Sparke Helmore's MAD (Motor Accidents Division) Weekly - Issue 147
05 February 2026
Welcome to the 147th edition of Sparke Helmore’s MAD Publication!
The Personal Injury Commission (Commission) commenced on 1 March 2021 and, with it, the publication of the majority of decisions issued by the Commission.
To help you navigate the recent decisions of the Motor Accidents Division (MAD) of the Commission, we are publishing relevant headnotes of select published decisions with a link to the decisions on the Australasian Legal Information Institute (AustLII) website. Please see the new edition below.
All references to legislation are to the Motor Accident Injuries Act 2017 (NSW) (the MAI Act) unless otherwise noted.

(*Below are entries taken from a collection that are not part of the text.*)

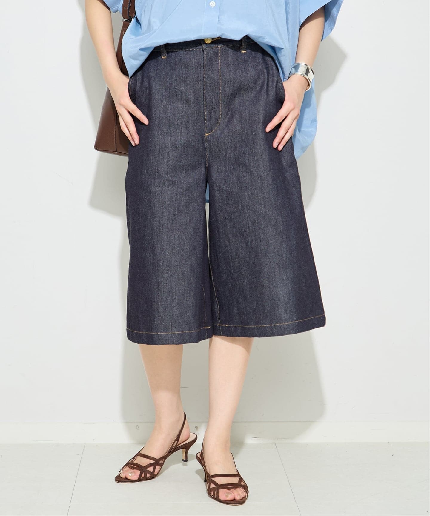 デニムのハーフパンツは大人が着やすい長めな着丈に。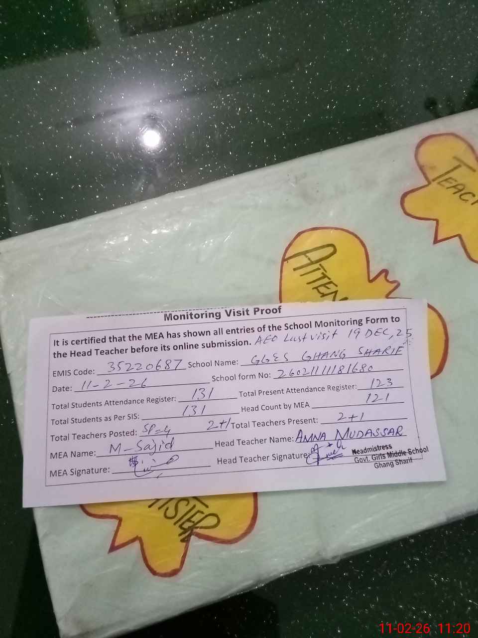 | EMIS Code: 35220687 | Name of School: GGES GHANG SHARIF | |||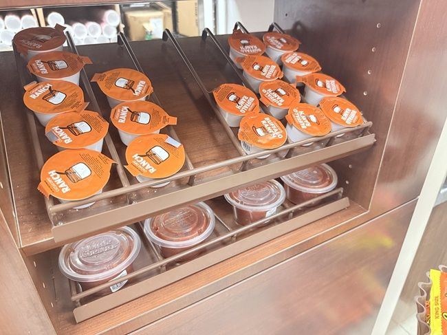 There is a display off to the right of the pizza warming boxes with cups of marinara sauce and ranch if you’re grabbing something that needs a dip.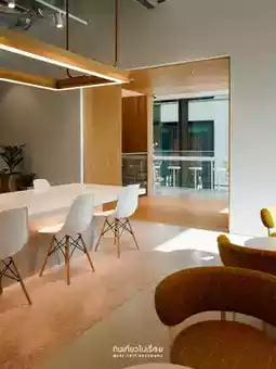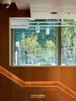 For those who want to sit for a long time, you can go upstairs. What is special is that they have a mezzanine. If you go in the morning, the light reflects beautifully. The 2nd floor is spacious and can accommodate many customers. If you come alone, there are single chairs to sit on. This area is a seat by the glass, overlooking the green garden of One Bangkok Park. Or if you come as a couple or a group, there is a zone with large tables and comfortable chairs. You can chat with friends during a chill time or come to sit and talk about work, which is equally good.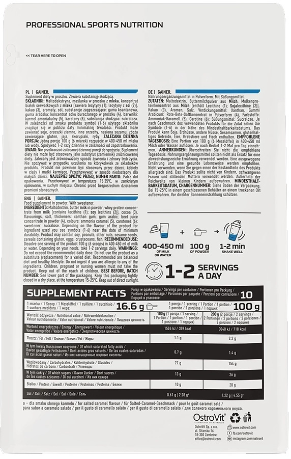 OstroVit Gainer — это серия углеводных и белковых добавок, предназначенная, в частности, для всех физически активных людей. Продукт имеет высокое содержание углеводов (77%), которые являются основным источником энергии в нашем рационе.

Commentary and analysis of trends will be provided on more substantive decisions by our CTP team and will be separately published when necessary.
Settlement Approval
Insurance Australia Limited t/as NRMA Insurance v Deftereos [2026] NSWPIC 29; (20 January 2026)
Member: Elyse White
85-year-old claimant – physical injuries with limited recovery - depressed by restrictions and disabilities; was an active independent man before the accident; retired for many years in receipt of an aged pension; damages for non-economic loss only – settlement approved under s 6.23(2)(b).
The claimant pedestrian was injured in a motor accident on 15 February 2024. The CTP insurer admitted liability for damages in full, and the parties arrived at a settlement for non-economic loss damages only. The claimant was not legally represented, and so the settlement had to be approved under s 6.23(2)(b). The insurer lodged a settlement approval application and Member White was allocated.
Clause 7.37 of the Guidelines required the Member to be satisfied that:
(a) the proposed settlement is just, fair, and reasonable and within the range of likely potential damages assessment for the claim were the matter to be assessed by a Member, taking into account the nature and extent of the claim and the injuries, disabilities, impairments and losses sustained by the claimant, and taking into account any proposed reductions or deductions in the proposed settlement, and
(b) the claimant understood the nature and effect of the proposed settlement and was willing to accept the proposed settlement.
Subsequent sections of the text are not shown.